Dankzij het armoedebeleid en onze inbreng, werd zowel de balie als het onthaal helemaal heringericht en
aangepakt. Het contact met mensen is nu veel discreter en veiliger. De mensen van het onthaal van de
gemeente en het ocmw kregen vorming. Nu worden de mensen op hun gemak gesteld. Indien nodig wordt er
zelfs een tasje koffie aangeboden. Het intake-gesprek en bijhorende documenten die moeten ingevuld,
worden verfijnd en dit leidt tot veel minder bedreiging.
De klachten en signalen zijn verbeterd. Wij voelen dat de mensen die in armoede leven meer respect hebben
naar het ocmw toe en minder angst.
*Sonja:
Ik ben een alleenstaande moeder met twee tienerkinderen. Wegens een scheiding en ziekte leef ik in
moeilijke financiële omstandigheden.
Toen ik in het begin mee in het armoedebeleid stapte, wist ik niet wat ik moest verwachten.
Wel wou ik voor mezelf meer “beweging” en wou ik mijn steentje bijdragen.
Ondertussen kan ik het allemaal beter verwoorden….
-Ik wil dat iedereen zich kan thuis voelen en met respect behandeld word.
-Ik wil meer mensen overtuigen om de stap naar het ocmw te doen. Hulp durven vragen
zodat “de zwarte put” kleiner wordt.
-Dat er minder mensen zich opsluiten voor de buitenwereld door armoede. Dat we mensen
kunnen overtuigen om meer buiten te komen.
-Dat we mensen beter kunnen sturen in de richting om het toch een beetje draaglijker en
gemakkelijker te maken.
-Dat iedereen de kans krijgt om zijn zeg te doen.
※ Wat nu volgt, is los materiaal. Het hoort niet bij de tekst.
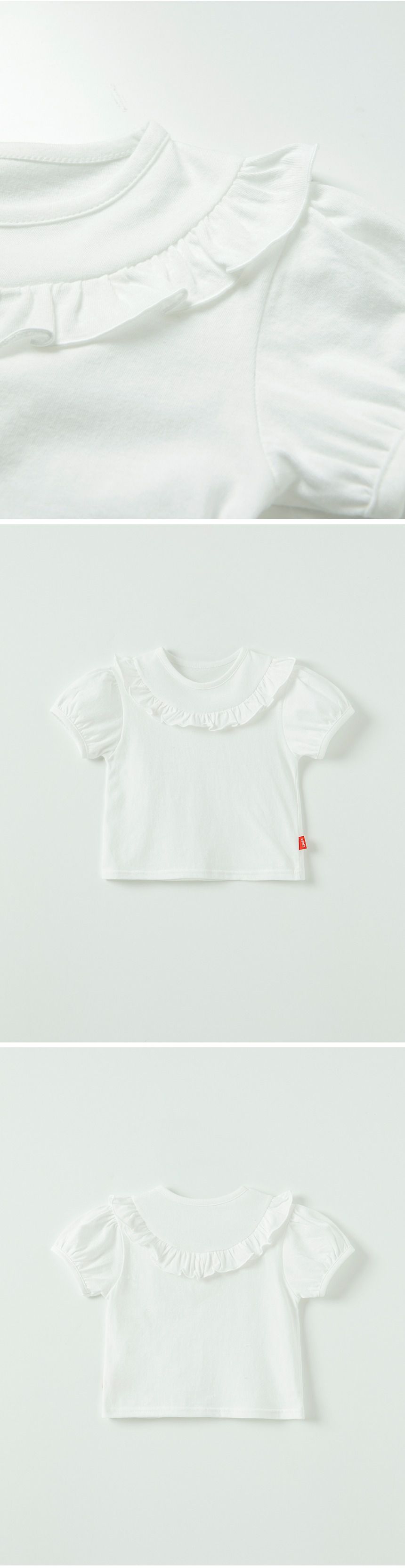 • 品名:荷葉花邊裝飾泡泡袖上衣
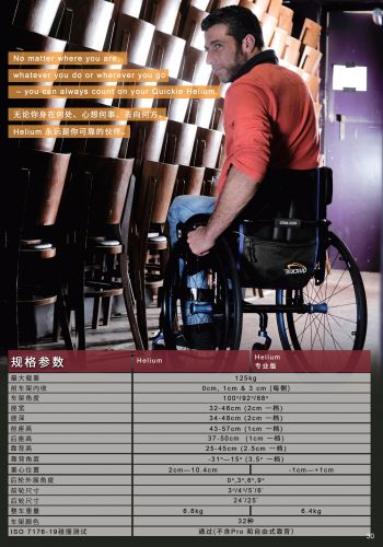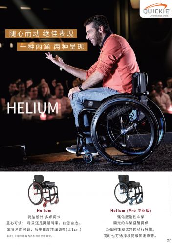 Helium設(shè)計簡潔,車架多項調(diào)節(jié),其重心位置可依用戶需求調(diào)整,后座高度可精細(xì)化調(diào)整 Helium(PRO專業(yè)版)強(qiáng)化版剛性車架,固定車架豎管提供堅強(qiáng)剛性和優(yōu)異的騎行特性。 Helium 為一款剛性設(shè)計機(jī)款,分Helium和Helium Pro兩個機(jī)款,車架采用航空級別鋁合金材質(zhì),堅固、輕便,車身與輪轂顏色多種顏色可選,多種選配件可選,是一款可依用戶需求量身定制的剛性輪椅

-Dat wij veel van elkaar kunnen leren, alsook naar elkaar te luisteren.
-Om zoveel mogelijk in te zetten om te helpen waar nodig.
Toen we begonnen met het armoedebeleid zaten de mensen die in armoede leven en “Het Lichtpunt” aan de
ene kant van de tafel. Al de anderen zaten aan de andere kant van de tafel.
Soms, werden er “degens” getrokken en “verdedigingsschilden” boven gehaald.
We hebben samen een hele weg afgelegd. We hebben moeten leren samenwerken en leren openstaan voor
elkaar. We leerden verfijnder te spreken en elkaar meer te begrijpen.
Trouwens… om iets te veranderen, hebben we elkaar nodig en moeten we ons inzetten om te willen leren
van elkaar.
We leren ook heel veel van wat er allemaal bestaat, van wetten en van structuren.
Een wereld gaat open.
*Els
-Het lukt en blijft lukken.
-We zitten nu door elkaar. Ieder mag en kan zijn zeg doen, zoals hij gebekt is.
Iedereen zoek mee, hoe we dingen het best kunnen formuleren.
We begrijpen elkaar meer en respecteren elkaar.
We zijn één groep geworden. We doen het SAMEN.
-De professionelen zijn “echt” gaan luisteren. Zij nemen uitspraken veel minder
persoonlijk op. Ze zijn minder verdedigend, meer bescheiden. Zij nemen een open
houding aan.
-En… de mensen die in armoede leven, zie je openbloeien. Ze worden au serieus genomen. Zij voelen zich
als volwaardige partners. Ze durven het woord nemen en getuigen.
Meer nog, vroeger waren er weinige goede en mooie woorden te horen, als de mensen over het ocmw
praatten. Nu zijn zij… echte ambassadeurs.
Zij zijn sterk geworden!
Wij zijn sterk geworden!
Met als één doel… alle mensen een waardiger leven te laten leven.